マホガニーのデスクの向こうに座って

2011/01/22 16:21


卒論も完成がいよいよ近くなり、何となく思い描いていたよりもそれは軽くて肌馴染みの良いものだったのだなあ、なんて考えている。もっとずしりと重みがあって、扱いに苦労して、硬質で、自分が生み出したものではない感覚が私の背に肩にのしかかるものだと思っていた。思うに、きっとそれは、知ではなかったのだ。学んだことは、重さとして認識されるのではなく、自らに溶け込んでしまうような分かち難いものでなければならない。

文学、社会学、心性史、宗教、歴史、哲学、その他。「つまらぬと思わせるような。退屈してしまうものは書かぬように」と忠告を与えた教授に「おもしろい」と言わしめたことは、今のところ一番の成果だと思っている笑 つきまぜて組み立てて生まれたものには、まだ穴がポツポツと空いている。それを撫ぜて撫ぜて、ちょっとだけ綺麗にする。そうして私は一月の最後の一週間を過ごすだろう。
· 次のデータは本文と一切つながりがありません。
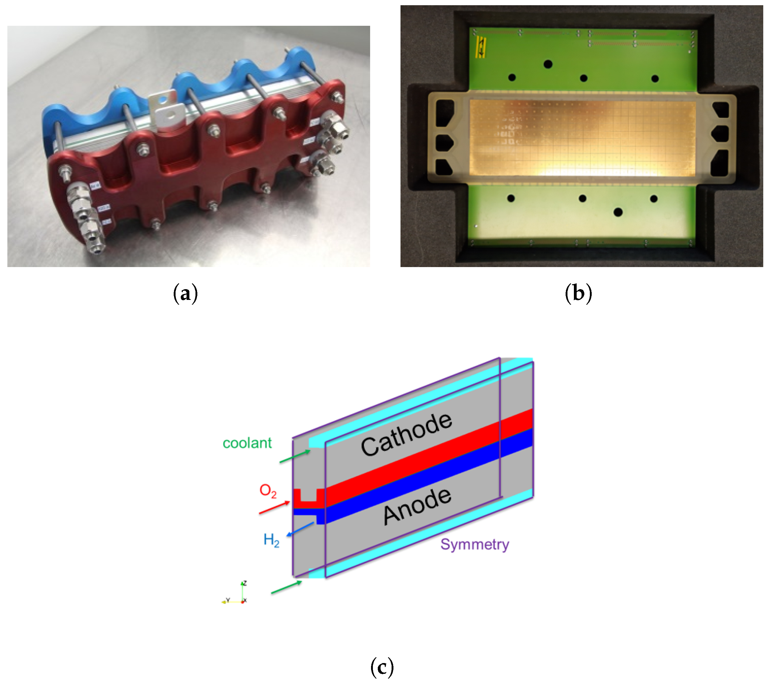 45]. This toolbox was developed to simulate electrochemical devices, such as fuel cells and electrolysis cells. The electrochemical modelling is more advanced than the model by Weber et al. It involves modelling the electronic and proton transport through the relevant parts of the fuel cell. Furthermore, the well-known Springer model is employed to describe water transport through the membrane, while liquid water transport is modelled in porous structures and gas channels. However, the model does not explicitly include a coolant flow field, which directly impacts the thermal management of the fuel cell. An extension of the PEM fuel cell model of openFuelCell2 is described by Bulgarini et al. [

前髪の毛流れが変わった気がしてならない。分け目を意識してからこのかた左に流しているのだけれど、朝起きて姿見を覗きこむと、前髪は僅かなうねりとともに右を向いている。試しに右向きに分け目を作ってみたらば、見知らぬ顔がそこにあった。人の顔は人が思っているほど対称ではないとはよく言ったもので、果たしてこれは本当に私であるのかと、寝ぼけまなこの成せる幻覚めいたものではないかと思うほどであった。流す必要があるほどの長さは落ち着かぬので、そのうちにばっつり断ち切ってしまうだろうが、さて三か月ほど美容室をご無沙汰しているのだ。野暮ったさと紙一重の重めロングにするか、またはいつもの如く市松人形にしてもらうか。



▼飲み物の入った容器をうっかり引き倒してしまい、中身をぶちまけるというイメージが頭を離れなくて、何だこれは、一種の強迫神経症だろうか。